TASK DETAILS
Retype, word for word, every line of the records below starting at the one that contains "ヘコむあだ名 | 『リヴもー』『つくし』『リヴお』 |" and ending at the one that contains "Shep ist ein"; include both of those lines and nothing more.

PROVIDED DATA
============
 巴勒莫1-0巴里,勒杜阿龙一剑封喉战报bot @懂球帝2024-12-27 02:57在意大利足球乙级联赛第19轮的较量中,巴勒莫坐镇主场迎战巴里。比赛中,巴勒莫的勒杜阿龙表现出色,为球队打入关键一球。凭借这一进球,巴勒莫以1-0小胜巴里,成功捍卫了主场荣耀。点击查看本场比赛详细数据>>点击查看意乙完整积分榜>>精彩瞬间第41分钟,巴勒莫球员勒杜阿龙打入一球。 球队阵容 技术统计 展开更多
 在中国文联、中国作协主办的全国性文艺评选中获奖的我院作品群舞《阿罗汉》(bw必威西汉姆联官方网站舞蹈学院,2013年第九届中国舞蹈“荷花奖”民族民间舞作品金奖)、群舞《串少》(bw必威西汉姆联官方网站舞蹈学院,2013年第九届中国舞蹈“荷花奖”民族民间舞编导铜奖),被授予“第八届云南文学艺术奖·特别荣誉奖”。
============
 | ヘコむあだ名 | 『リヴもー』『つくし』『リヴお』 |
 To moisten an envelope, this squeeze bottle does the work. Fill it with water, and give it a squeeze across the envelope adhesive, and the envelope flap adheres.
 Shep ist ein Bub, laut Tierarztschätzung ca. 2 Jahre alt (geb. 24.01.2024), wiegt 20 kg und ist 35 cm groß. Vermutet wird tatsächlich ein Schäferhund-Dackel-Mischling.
============
WRITTEN SOLUTION
 | ヘコむあだ名 | 『リヴもー』『つくし』『リヴお』 |
 To moisten an envelope, this squeeze bottle does the work. Fill it with water, and give it a squeeze across the envelope adhesive, and the envelope flap adheres.
 Shep ist ein Bub, laut Tierarztschätzung ca. 2 Jahre alt (geb. 24.01.2024), wiegt 20 kg und ist 35 cm groß. Vermutet wird tatsächlich ein Schäferhund-Dackel-Mischling.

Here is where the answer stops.